There is a concern that a community may not grow very well at the beginning if every new participant needs to be personally known or connected to an existing member? The proposer does not necessarily need to know everyone, but for example can spot someone who is contributing a lot to the forums in helping people or the person who wrote some nice, open source, utility code, or helped review a tricky code change with some complex changes. The proposer can then contact the person and ask for some id or address verification should it be needed. Why would someone go to the trouble to contact one of these people and ask them to join? If there were a proposer reward, paid on the successful election of the new member? The proposer would need to invest some time in spotting, contacting, and making a case why Alice123 on Github is a positive community member and would do this motivated by a strong sense of community and/or in anticipation of a reward. In either case, the result is the same.

The added social element that has rewards and consequences for the community participation make a DSO strong and further supports the idea that the most successful projects are community based, where success is defined by equality and fairness.

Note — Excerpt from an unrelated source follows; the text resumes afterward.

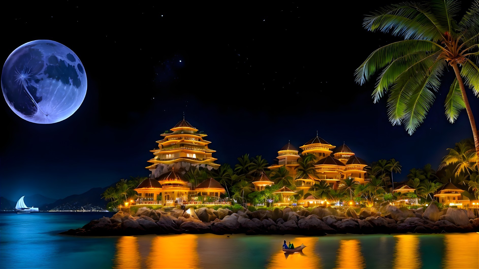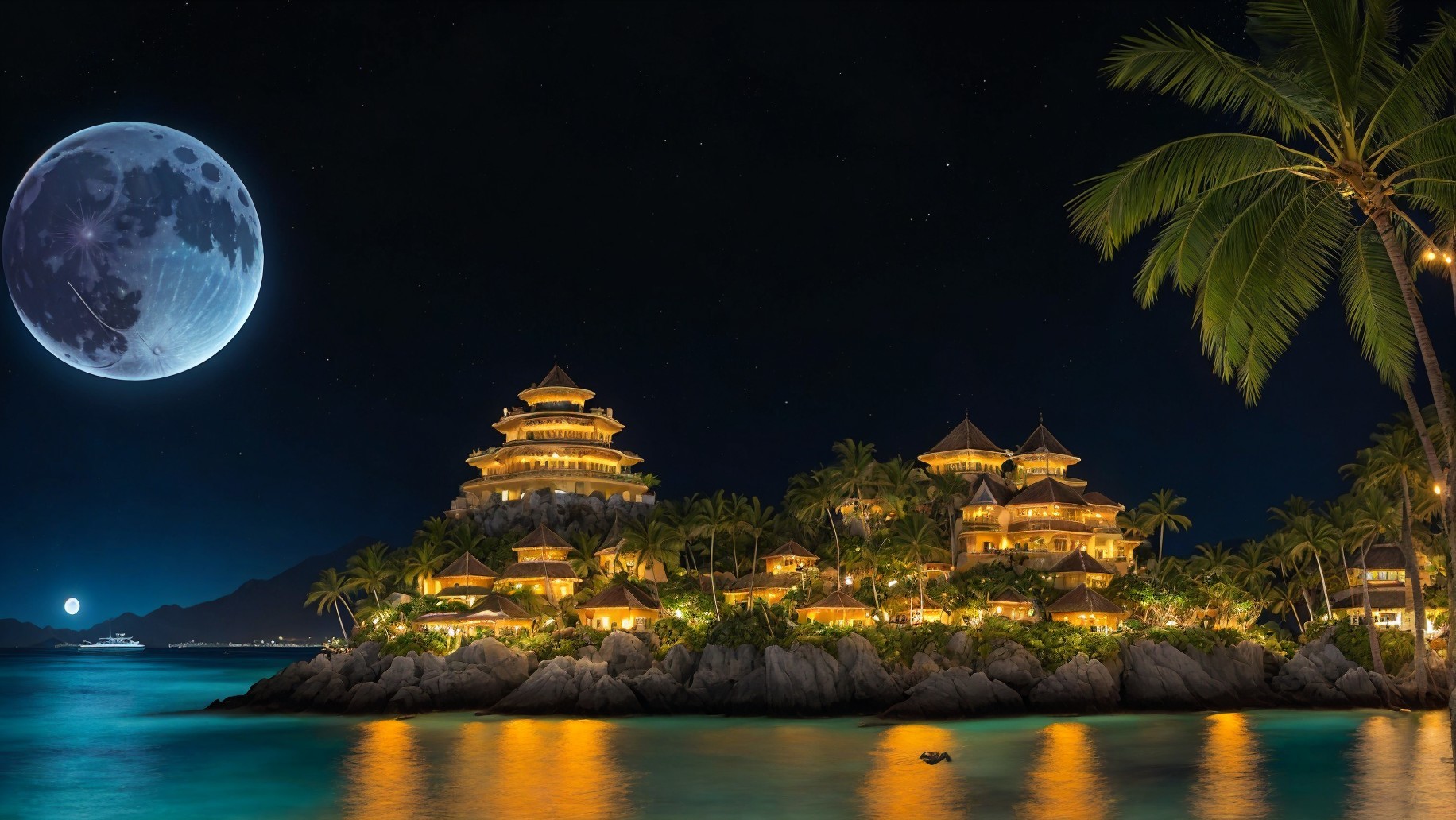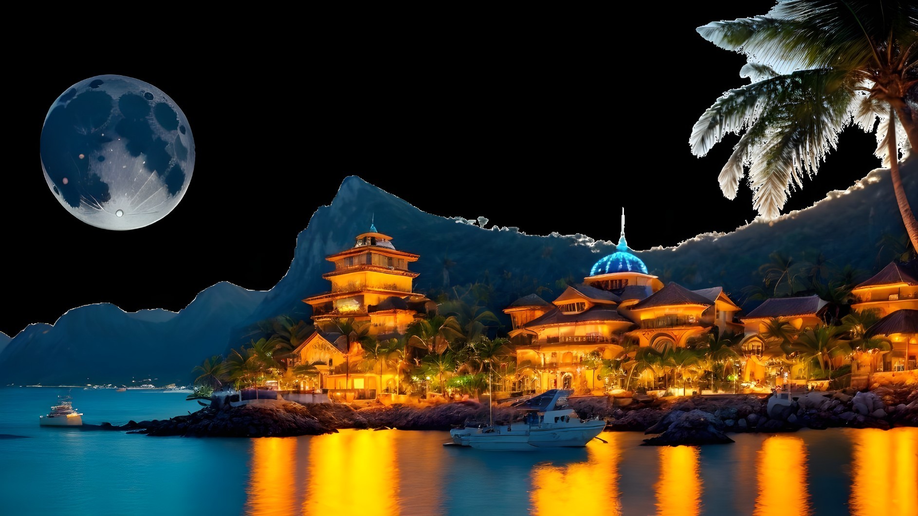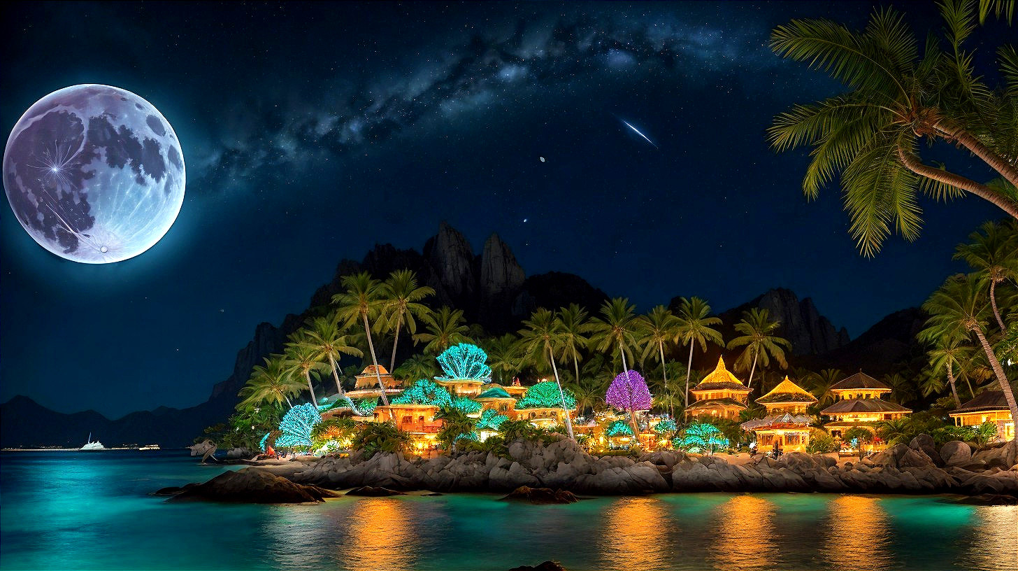 An island town surrounded by mountain range, at midnight the town is illuminated by a huge azure colored moon, the Milky Way is glowing in the sky, divers dive from a yachts, coconut palms are beautifully planted along the beach

The community effort in running a blockchain requires engagement from all members. This includes the validators that secure the network, the developers that build the software, the governance efforts, the community members growing the community, and contributors. The effort by the community as a whole relates to engagement rewards which is an integral part of the Proof of Engagement (PoE) consensus model. The PoE consensus model is based on Proof of Stake (PoS) which requires the validators to lock some value, ensuring they secure the network without “nothing at stake”. The validators in a PoE model are selected on the basis of their stake with a multiplier using their reward points, which they accrue for being engaged with the community, so that validators who help the community and have a smaller stake get the equivalent to one that just throws in money and does not engage. The fees earned from the transaction charges on the blockchain are distributed to the community on the basis of reward points.

The combination of the structure of the DSO and the PoE form a powerful structure for community driven projects that bring value and rewards to all active participants.